# [WHAT THE EXERCISE ASKS]
Please give the records below again in full, exactly, with the images left out.

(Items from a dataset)
***
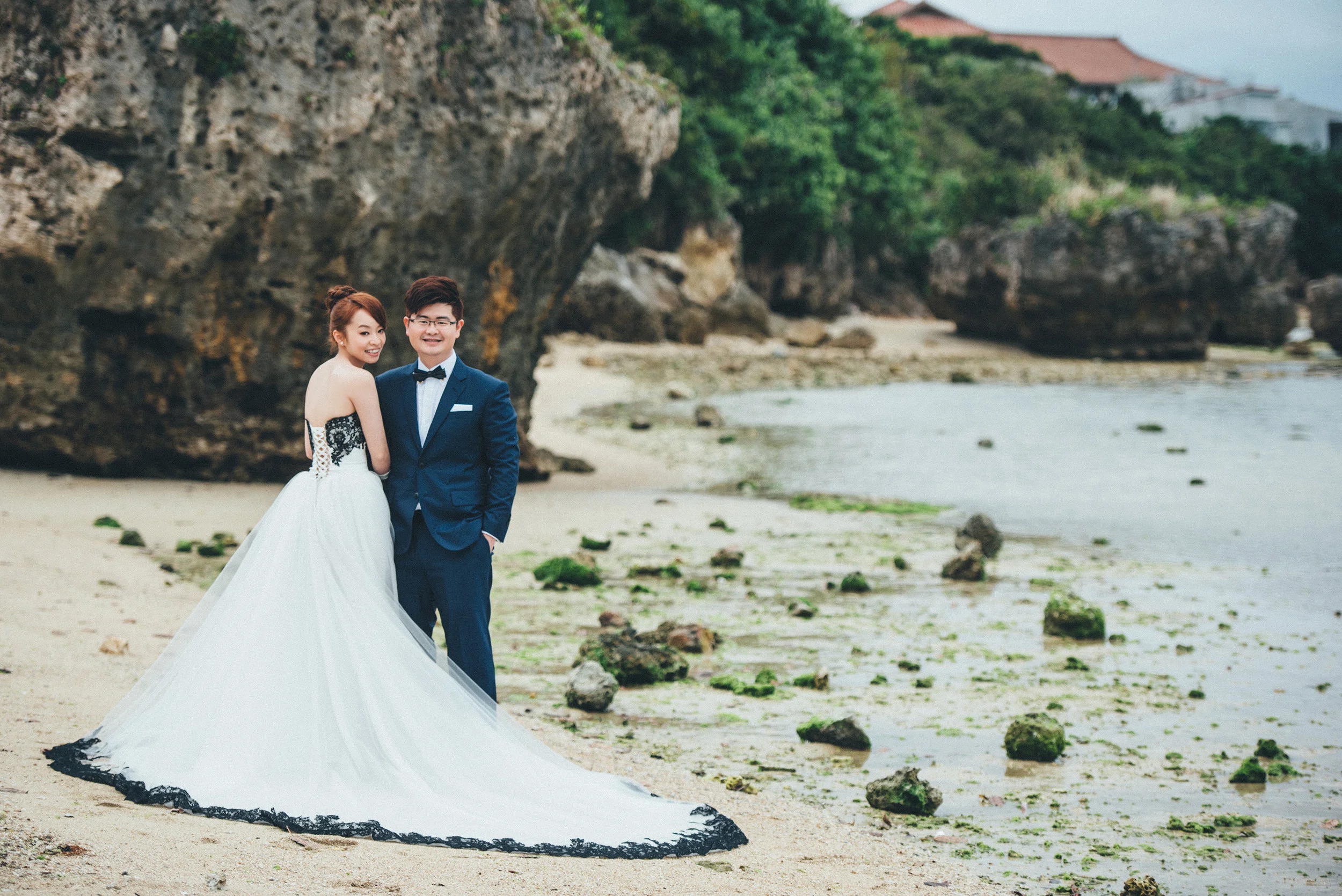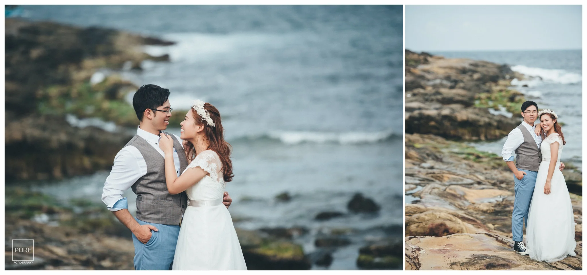 有別於沙灘的柔和感,望幽谷的沿岸更有種壯麗感,格外襯出新娘白紗的柔和。
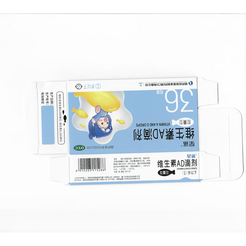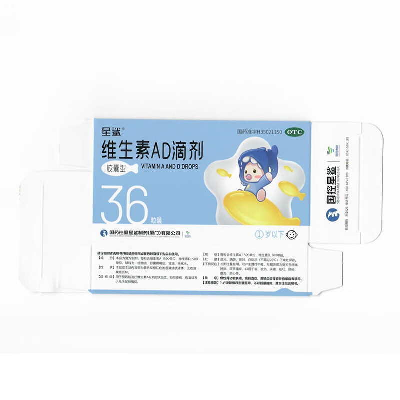 星鲨维生素AD滴剂(胶囊型)36粒ad滴剂0-1岁ad新生儿维生素ad婴幼儿 用于预防和治疗维生素A及D3缺乏症
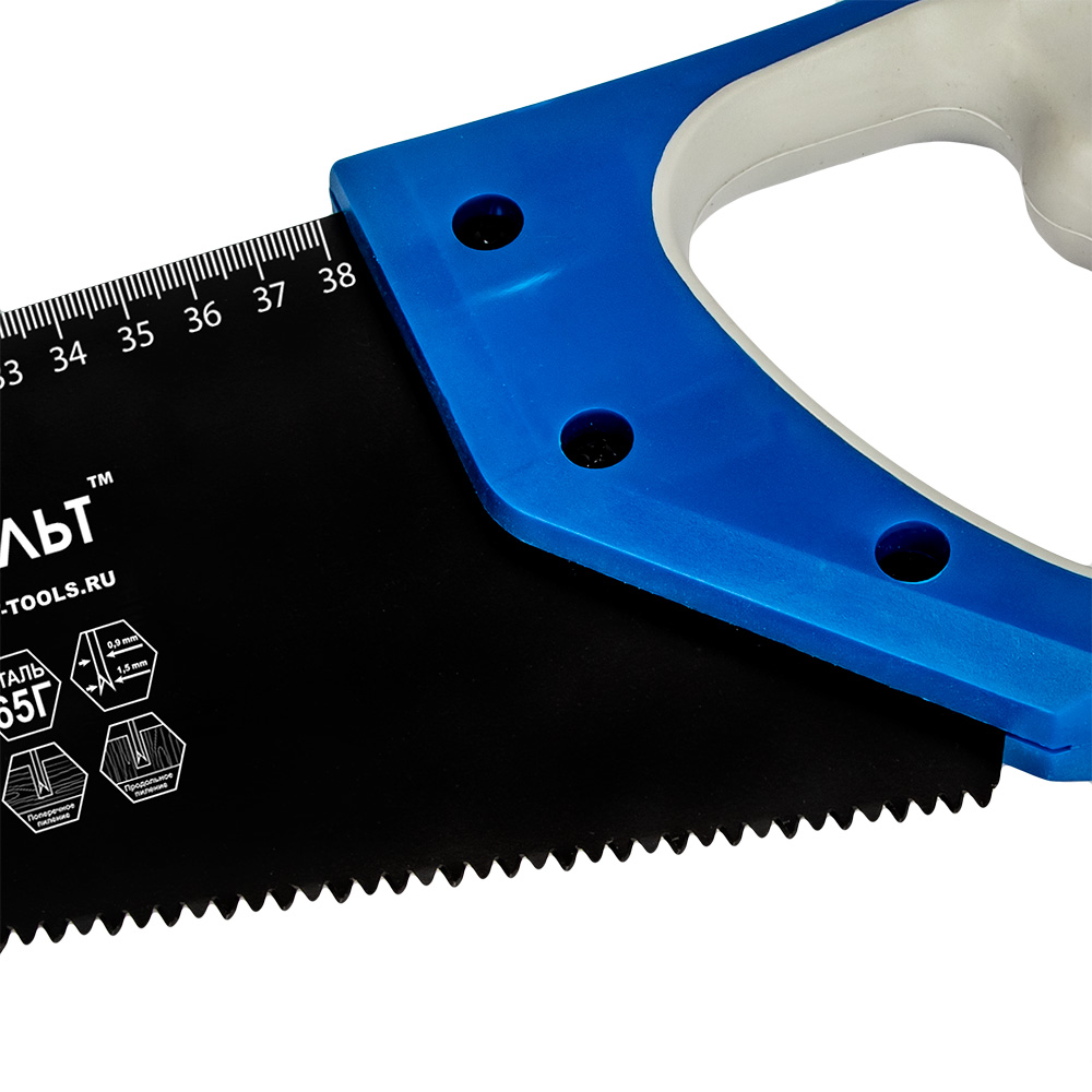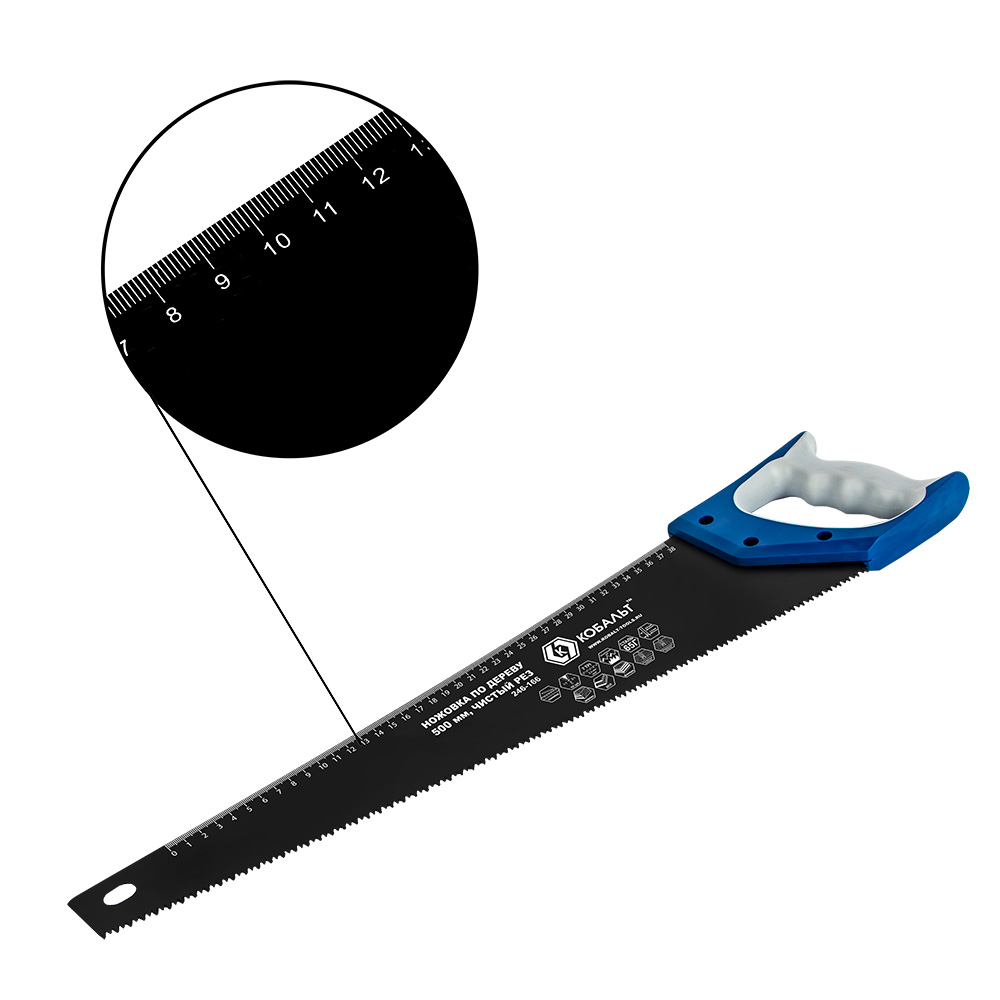 Ножовка по дереву Кобальт 500 мм, шаг 3,5 мм/ 7 TPI, тефлоновое покрытие, закаленный зуб, 3D-заточка, двухкомпонентная ручка, чистый рез
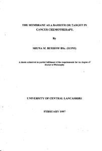 Burrow, Shuna M (1997) The Membrane as a barrier or target in cancer chemotherapy. Doctoral thesis, University of Central Lancashire.
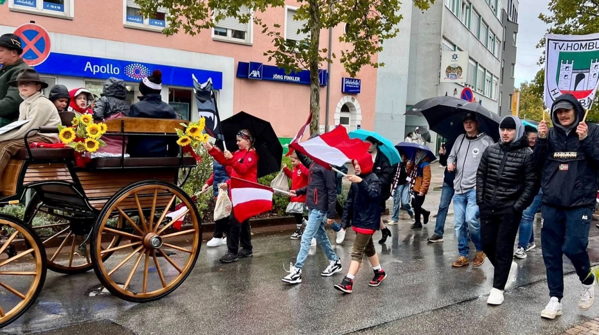 Rund 100 Abteilungsmitglieder kamen zusammen, bewaffnet mit Fahnen, Schirmen und jeder Menge guter Stimmung. Da Homburgs Oberbürgermeister Michael Forster krankheitsbedingt ausfiel – an dieser Stelle gute Besserung! – durften mit Martha, Emma, Jannis und Vincent vier kleine Honigdachse den Platz in seiner Kutsche einnehmen. Sie vertraten das Homburger Stadtoberhaupt mit Bravour und viel Charme. Auf dem Weg zum Festzelt verteilten unsere fleißigen kleinen Honigdachse Vitallutscher der Dr. Theiss Naturwaren GmbH, versehen mit Flyern mit unseren Trainingszeiten, an die Kinder entlang der Strecke – eine süße Geste, die gut ankam.
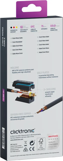 Clicktronic 70443 kabel 75Ω 1xRCA M/1xRCA M 1,0m
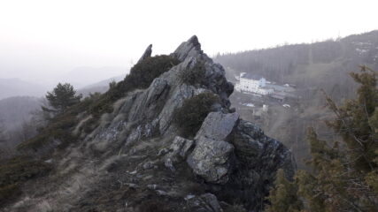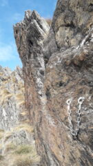 Non mi sono trovato relazione sottomano con quanto constatato sul posto. Una crestina breve estremamente facile con un sola placchetta spittata interessante, con sosta a catena in uscita. Si cammina tanto ma di arrampicata c’e’ ne ben poca. Sta di fatto che.. comunque.. sempre meglio che stare a casa.
***
# [COMPLETED EXERCISE]
 有別於沙灘的柔和感,望幽谷的沿岸更有種壯麗感,格外襯出新娘白紗的柔和。
 星鲨维生素AD滴剂(胶囊型)36粒ad滴剂0-1岁ad新生儿维生素ad婴幼儿 用于预防和治疗维生素A及D3缺乏症
 Ножовка по дереву Кобальт 500 мм, шаг 3,5 мм/ 7 TPI, тефлоновое покрытие, закаленный зуб, 3D-заточка, двухкомпонентная ручка, чистый рез
 Burrow, Shuna M (1997) The Membrane as a barrier or target in cancer chemotherapy. Doctoral thesis, University of Central Lancashire.
 Rund 100 Abteilungsmitglieder kamen zusammen, bewaffnet mit Fahnen, Schirmen und jeder Menge guter Stimmung. Da Homburgs Oberbürgermeister Michael Forster krankheitsbedingt ausfiel – an dieser Stelle gute Besserung! – durften mit Martha, Emma, Jannis und Vincent vier kleine Honigdachse den Platz in seiner Kutsche einnehmen. Sie vertraten das Homburger Stadtoberhaupt mit Bravour und viel Charme. Auf dem Weg zum Festzelt verteilten unsere fleißigen kleinen Honigdachse Vitallutscher der Dr. Theiss Naturwaren GmbH, versehen mit Flyern mit unseren Trainingszeiten, an die Kinder entlang der Strecke – eine süße Geste, die gut ankam.
 Clicktronic 70443 kabel 75Ω 1xRCA M/1xRCA M 1,0m
 Non mi sono trovato relazione sottomano con quanto constatato sul posto. Una crestina breve estremamente facile con un sola placchetta spittata interessante, con sosta a catena in uscita. Si cammina tanto ma di arrampicata c’e’ ne ben poca. Sta di fatto che.. comunque.. sempre meglio che stare a casa.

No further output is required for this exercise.